Mainland China experiences a major natural disaster approximately every five years. A 7.9 magnitude earthquake on May 12, 2008 killed 69,000 people in Sichuan Province. The country has also been plagued by major floods and famine. Much of the disaster relief in the past ten to fifteen years has come from overseas. But recently, one of the highest-ranking officials from China took part in a televised address that demonstrated some of the latest technology that would make domestic disaster response more efficient. Modern China wants to begin to take care of their own programs.
The National Disaster Reduction Center
The National Disaster Reduction Center (NDRC) of the Ministry of Civil Affairs (MCA) is a specialized agency under the Chinese Government engaged in information services and supporting decisions on various natural disasters. It provides reference for disaster-management departments in their decision-making and technical support for China’s disaster-reduction undertakings by way of:
- collecting and analyzing disaster information,
- assessing disasters and emergency relief,
- and analyzing and studying disasters using such advanced technology such as remote sensing.
Non-Government Organizations such as the Amnity Foundation have been stepping in to educate local authorities on the various tiers of relief – from medical care, to counselling, to providing basic necessities such as food, water and temporary housing such as tents.
Intervention of foreign groups is slowly disappearing. The building of a relationship with a trusted NGO or foundation in China means that when disaster strikes, the Chinese can marshal their own resources. This also reduces any legal liability by having the resources passed to a Chinese foundation and having them distribute and document where the monies are going. For example, if a Chinese disaster relief worker is injured, then the Chinese relief organization can be responsible for medical care.
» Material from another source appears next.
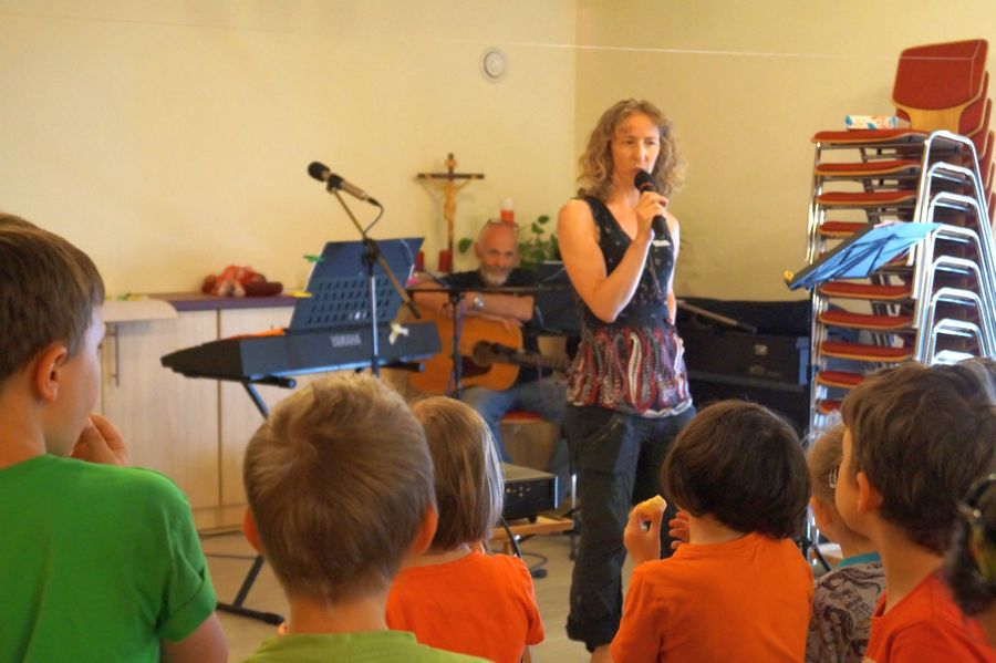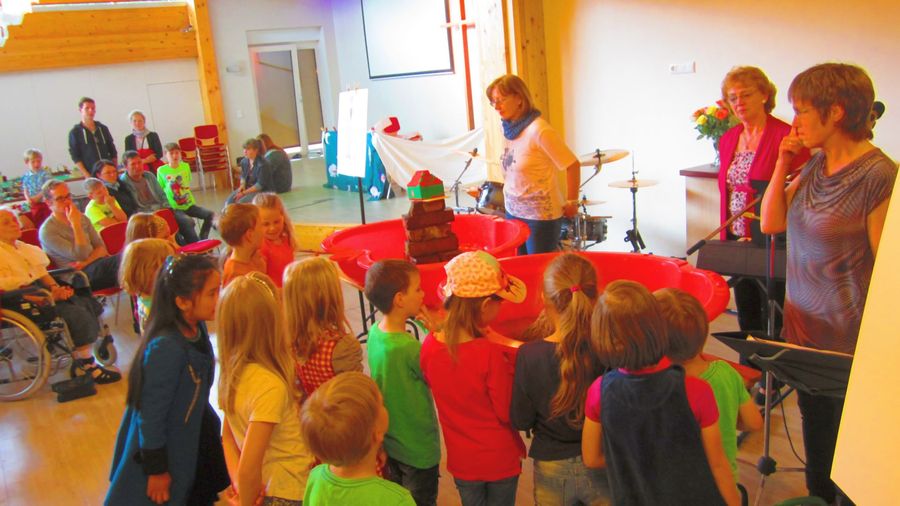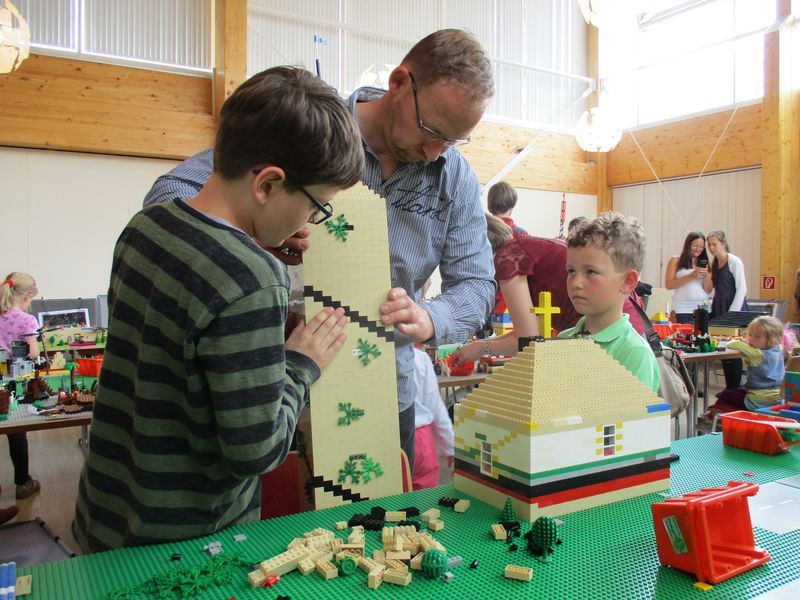 Die Andachten handelten passend zum LEGO-Bauen auch vom Bauen in biblischen Geschichten. Noah baute die Arche, Salomo baute den Tempel, ein reicher Landwirt baute sich große Scheunen.

The China Earthquake Administration
The People’s Republic of China established a National Earthquake Administration in 1971 to take charge of monitoring, research, and emergency response for earthquakes. It was renamed China Earthquake Administration (CEA) in 1998, mandated by the Earthquake Prevention and Disaster Reduction Act of PRC under the State Council. Each provincial, autonomous regional, and centrally administrated municipal government also has its own earthquake administration that is under the direction of CEA.
Clearly we have been told that the Chinese do not want the great white savior entering their country with paternalistic attitudes. We have been told that, “We don’t need your help, but if you want to serve us, you are welcome to come.”
As it other areas such as religion, medicine and education, we must come to the Chinese as a colleague and trusted friend. The Chinese want to lead and we will serve them best if we follow.